- Interactive map of Soulanges Canal
- Location: Quebec
- Country: Canada

Specifications
- Length: 23 km (14 miles)
- Lock length: 85.3 m (280 ft)
- Lock width: 14 m (46 ft)
- Maximum boat draft: 4.3 m (14 ft)
- Locks: 5
- Total rise: 23 m (75 ft)
- Status: Abandoned

History
- Date completed: 1899
- Date closed: 1958

= Soulanges Canal =

Abandoned shipping canal in Quebec, Canada

The Soulanges Canal is an abandoned shipping canal in Quebec, Canada. It follows the north shore of the Saint Lawrence River between Pointe-des-Cascades and Coteaux-Landing, bypassing the rapids between Lake Saint-Louis and Lake Saint-Francis. In between, it passes through the towns of Les Cèdres and Coteau-du-Lac. It superseded the first Beauharnois Canal which was on the south shore of the Saint Lawrence. It is 23 km long and had a 4.3 m draught. Five locks measuring 85.3 × 14 m give a total rise of 25 m.

==History==
The Soulanges Canal was named after the Soulanges Seigneury which was granted in 1702 by Governor Louis-Hector de Callière to Pierre-Jacques de Joybert, Knight and Lord of Soulanges.

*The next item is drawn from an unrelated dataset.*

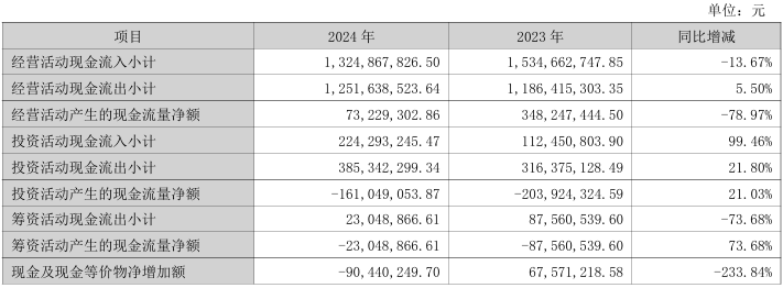 现金流方面,经营活动产生的现金流量净额较上年同期下降78.97%,主要系本期销售商品、提供劳务收到的现金减少所致;投资活动产生的现金流量净额较上年同期增长21.03%,主要系购建固定资产、无形资产和其他长期资产支付的现金减少所致;筹资活动产生的现金流量净额较上年同期增长73.68%,主要系分配股利减少所致;现金及现金等价物净增加额同比下降233.84%,主要系经营活动产生的现金流量净额减少所致。

Operation of the Soulanges Canal was powered by a small hydro electric generating station. "Le Petit Pouvoir" is located near the middle of the canal and provided power for the motorized lock gates, electrical operation of the swing bridges, and illumination for the entire length of the canal at night. It was the first canal in the world to have its entire passageway lit by night, allowing round-the-clock operation. It opened in 1899 and remained in operation until 1958 when it was in turn superseded by an enlarged Beauharnois Canal which is now part of the Saint Lawrence Seaway.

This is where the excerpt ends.